Pinza atroz tiene hoy la
la Universidad paralizada
Dr. Edgardo Rubianes

Pinza atroz tiene hoy la
Universidad paralizada

por el Dr. Edgardo Rubianes

La actual arquitectura institucional del “sistema” de Ciencia, Tecnología e Innovación ha venido siendo cuestionada desde diversos ámbitos, incluido el académico, por presentar múltiples instancias no articulada entre sí y una ubicación de escasa jerarquía en la estructura del Estado.

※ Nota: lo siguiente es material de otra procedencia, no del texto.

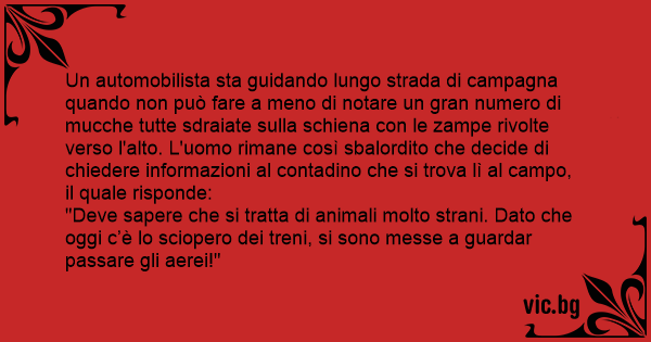 Un automobilista sta guidando lungo strada di campagna quando non può fare a meno di notare un gran numero di mucche tutte sdraiate sulla schiena соn le zampe rivolte verso l'alto. L'uomo rimane così sbalordito che decide di chiedere informazioni al contadino che si trova lì al campo, il quale risponde:
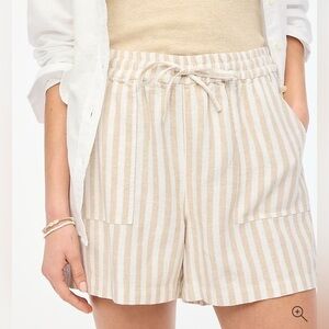 J Crew Linen Shorts White and Beige Stripes Drawstring NWT Pockets Women’s Size XXL
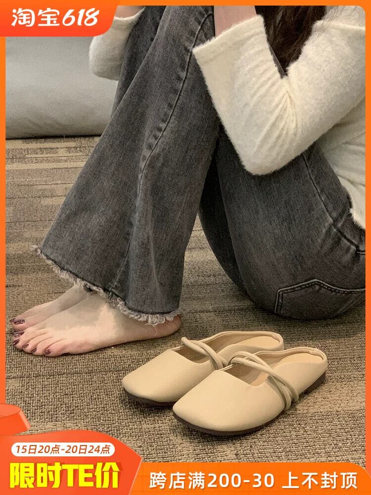 包頭セミスリッパ女性の 2023 新しいスタイルのアウターウェア優しいレトロなフラット気質サンダルとスリッパ優しい風サンダル ミュール 靴 シューズ jxjxf10749369382
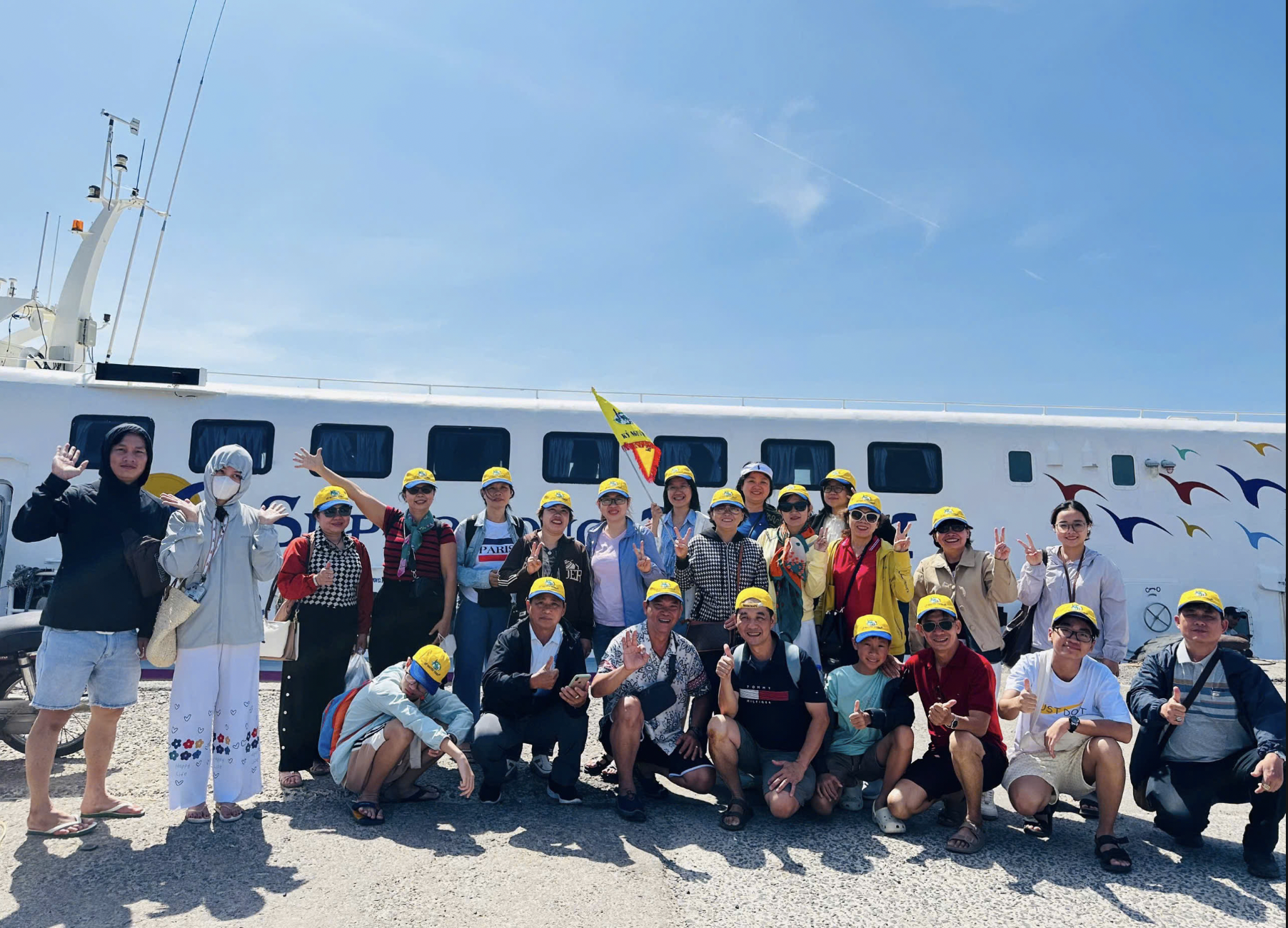 - Đoàn chuẩn bị đồ tắm di chuyển bằng xe máy để ra bến tàu. Bắt đầu chương trình tham quan bằng tàu

Durante el 2003 un programa de convergencia de científicos, políticos y empresarios, el proyecto CIENTIS, avanzó en el diagnostico y proyectó cambios para la previsible nueva etapa nacional que se abriría en el 2005. Paralelamente, e impulsado por la izquierda, en una comisión senatorial se avanzó en acuerdo sobre un rediseño institucional. En las instancias orgánicas de la Universidad la discusión esta aún en pañales y cuando de ella surge alguna declaración, como la reciente de la Asamblea General del Claustro, lamentablemente se confirma que hace rato se perdió la capacidad propositiva para el cambio.

Luego del nefasto período dictatorial, el apoyo a las actividades de Ciencia, Tecnología e Innovación (CTI) por parte de los distintos gobiernos electos fue espasmódico, en respuesta a iniciativas surgidas desde la comunicad científica y no como producto de una política estatal consensuada. El parlamento fue aprobando diferentes programas, fondos y modificaciones institucionales parciales que en general permitieron potenciar el trabajo y las líneas de acción de diversos núcleos científicos emergentes de distintas reparticiones estatales intra y extrauniversitarias. Como resultante de ese proceso se enmarañó aún más una estructura institucional, ya de por si dispersa, conformándose lo que podría denominarse un collage institucional más que un sistema de CTI.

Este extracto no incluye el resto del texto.